Directions — From the data that follows, set down exactly the lines from the one with "13. 13. Linhagens" through the one with "大きなシルバー金具のバックルが重厚感のあるデザインのクロコダイルベルト。", counting both. Pictures stay out.
Provided data: Begin
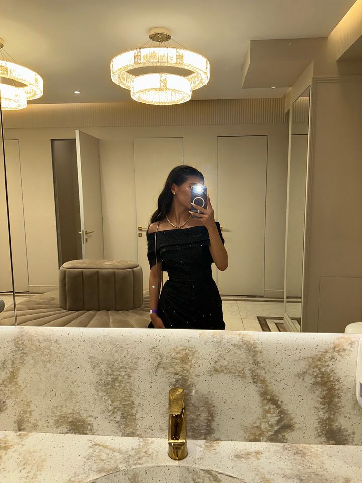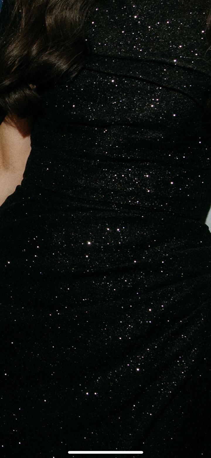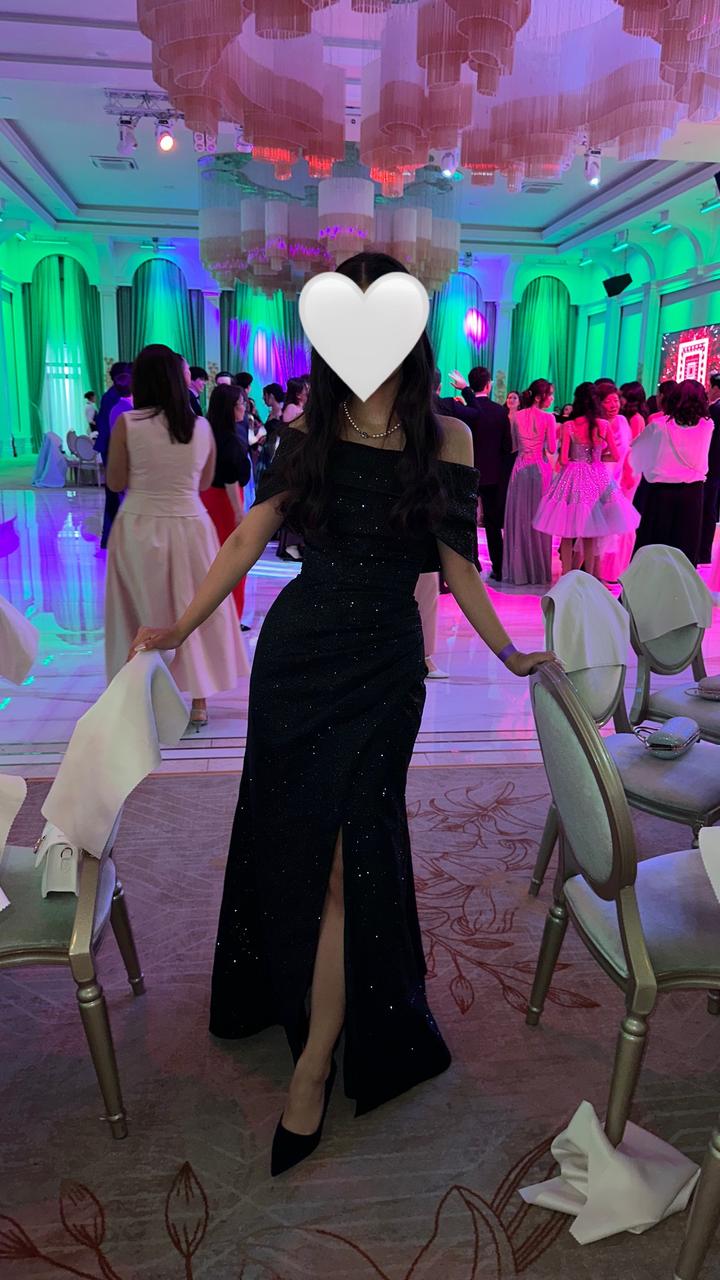 Платье приобреталось в салоне Елены Набокиной. Платье подойдёт девушкам размера XS или S, а именно, девушкам 42-44 размеров, идеальный вариант для выпускного вечера и любого другого мероприятия. Платье имеет корсет который можно затянуть сзади по своей талии. Само платье черное, блестящее, фасон «рыбка» отлично подчеркнет красоту фигуры любой девушки. Артикул: 360589
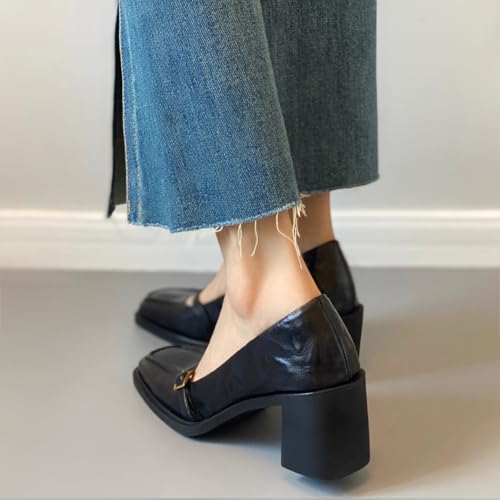 Women's Leather Block Heel Mary Janes Classic Square Toe Buckle Mid Block Heel Pumps for Wedding Party Dress Shoes 6
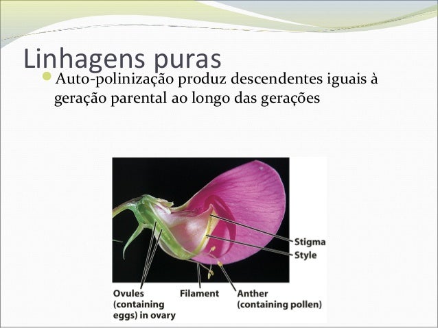13. 13. Linhagens puras Auto-polinização produz descendentes iguais à  geração parental ao longo das gerações
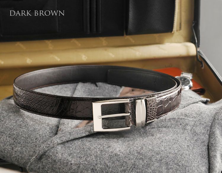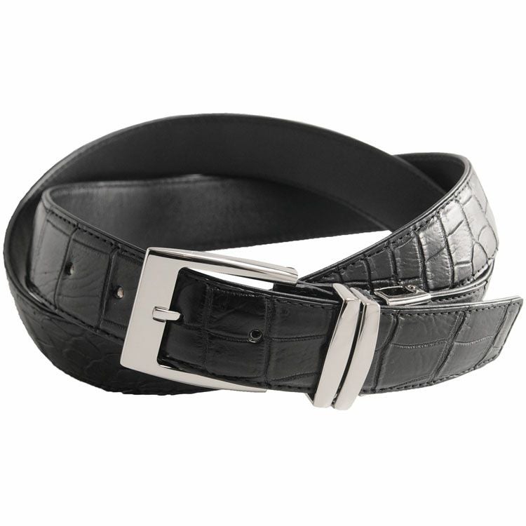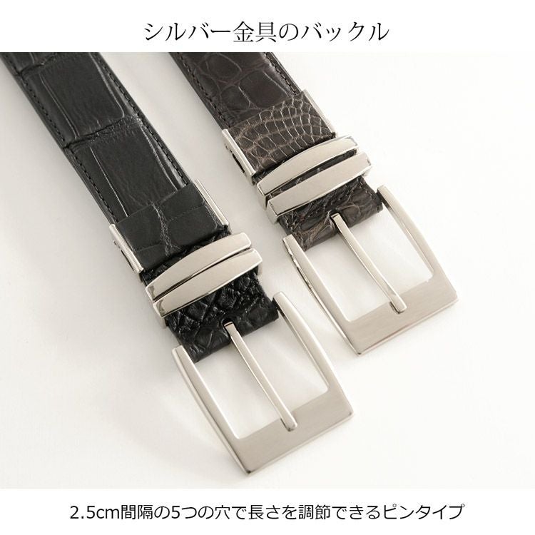 大きなシルバー金具のバックルが重厚感のあるデザインのクロコダイルベルト。
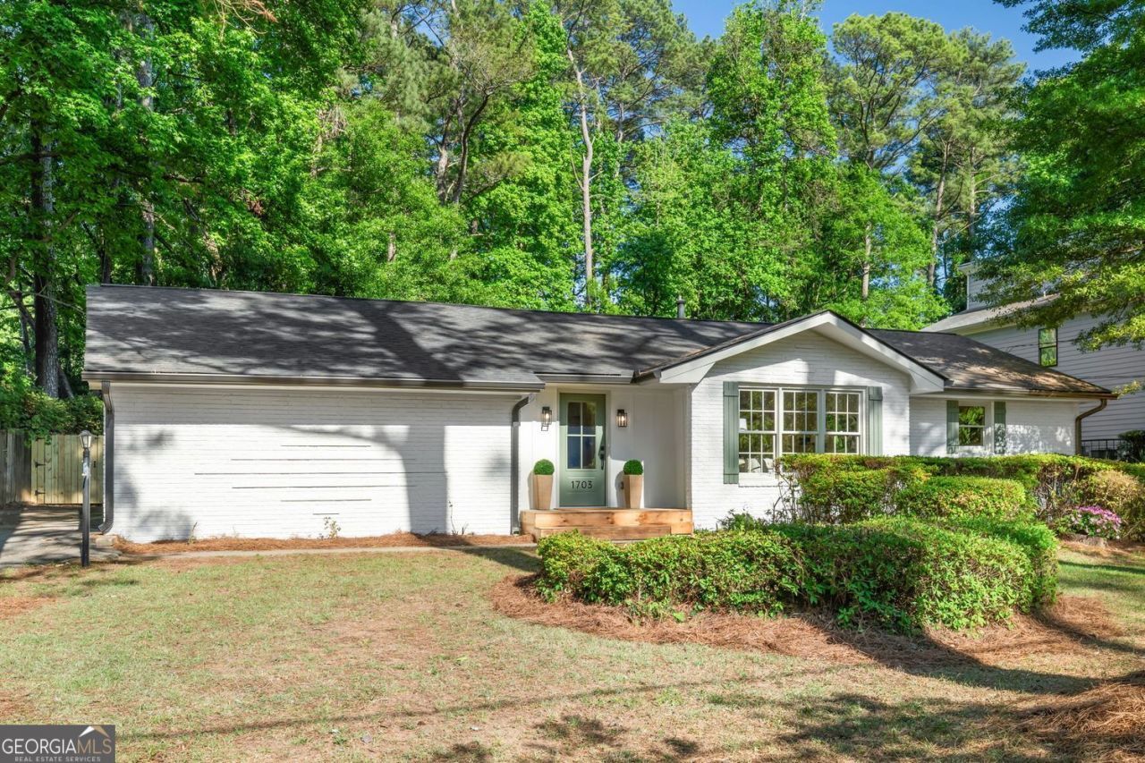 Tucked inside the perimeter in a charming neighborhood, this fully renovated ranch on a LARGE LOT offers the perfect blend of modern updates and timeless character. From the moment you enter, the home feels bright, open, and inviting. A welcoming foyer flows seamlessly into the main living space and sunroom beyond, creating an effortless layout that is both open and cozy. The sunroom offers incredible flexibility as a second living area, dining space, or home office. Gleaming real HARDWOOD FLOORS run throughout, while NEW WINDOWS fill the home with natural light all day, highlighted by stunning afternoon golden hour light that pours into the living room, creating a warm, inviting atmosphere. Just off the living room, the luxury eat-in kitchen is both beautiful and functional, featuring crisp white cabinetry, Taj Mahal QUARTZITE countertops, a dedicated coffee bar, and abundant storage. Every major system has been thoughtfully updated, including a new TANKLESS WATER HEATER, newer HVAC system, along with a NEW ROOF and NEW PLUMBING, allowing the home to live like new construction while still maintaining the character and charm that make it feel special. Set on a generously sized, flat lot, the backyard is fully fenced and offers exceptional privacy, with only one neighboring home and no home behind. Surrounded by mature trees and lush greenery, the setting feels peaceful and tucked away, a rare find for inside the perimeter living. Whether you envision a future pool, garden, or outdoor entertaining space, the possibilities here are endless with no HOA. Another unique space being the large storage shed in the back adds even more functionality. A side-entry TWO-CAR attached GARAGE, paired with a double driveway, provides ample parking for guests and everyday convenience with only one step into the kitchen from the garage. Ideally located less than a mile from I 285, the home offers easy access to everything while still feeling quietly removed. The neighborhood is known for its walkability, dog friendly feel, and strong sense of community. Daily essentials are just five minutes away, with Publix, Home Depot, and Target nearby, along with close proximity to the highly anticipated Lula Hills development. Zoned for a top rated elementary school. One level living at its best... move in ready, thoughtfully designed, and effortlessly livable. A home that feels as good as it looks, and lives even better day to day.
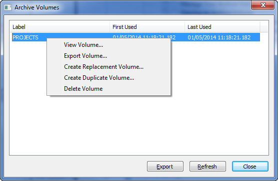 - Create Duplicate Volume—Use to create another copy of a volume. This is useful when you want to create backup copies for safe keeping. For more information, see Creating a Duplicate Archive Volume.
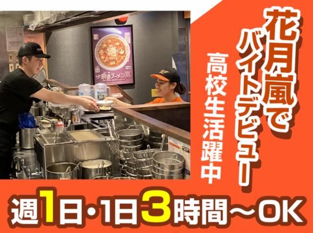 仕事情報 ● 仕事内容 ラーメン店にてお客様の接客、お料理を提供したり、 調理補助を中心に活躍していただきます! まずは元気に「いらっしゃいませ」ができればOK! 心遣い・気遣い・仲間を大切にできる方であれば大歓迎です! 未経験でも安心! バイト自体初めての方でも、 全国に200店舗近くの店舗を展開してきた当社ならではの 手厚い教育プランでしっかりバックアップします! まずはあなたのできること・簡単なことから お任せしていきますので安心してくださいね。 らあめん花月嵐のこだわり 看板商品「嵐げんこつらあめん」を筆頭に、 有名シェフ・ラーメン店主やタレントとコラボした 期間限定メニュー等を提供する次世代型ラーメン店! 店内はどこか懐かしく、でも他とちょっと違う雰囲気。 ラーメンを更ににおいしく食べられる工夫を散りばめています。 シフトは自己申告制! 自分の予定優先でOK!短時間勤務も相談に応じます♪ 平日のランチのみのパートさんや夜だけ働く学生バイトさん 独立を目指すフリーターさんなど、 たくさんのスタッフが自分の都合に合わせて イキイキとバイトしています! メリット盛りだくさん! 幅広い世代のスタッフが活躍している当店。 月1回登場する新メニューもいち早く試食できます◎ ラーメン好きにはたまりません♪ 求人への応募が初めての方も大歓迎! 居心地の良さ抜群のお店で私たちと一緒にバイトしましょう!
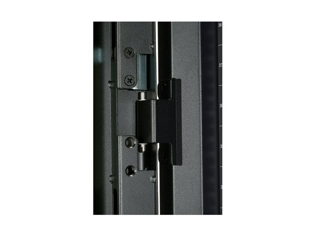 - Mounts two APC metered PDUs in one rear channel;
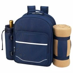 Hot Sale 🔥 Picnic At Ascot Deluxe Equipped 2 Person Picnic 🎒 Backpack With Blanket -Navy/Chevron 🧨
Provided data: End
Answer section —
13. 13. Linhagens puras Auto-polinização produz descendentes iguais à  geração parental ao longo das gerações
 大きなシルバー金具のバックルが重厚感のあるデザインのクロコダイルベルト。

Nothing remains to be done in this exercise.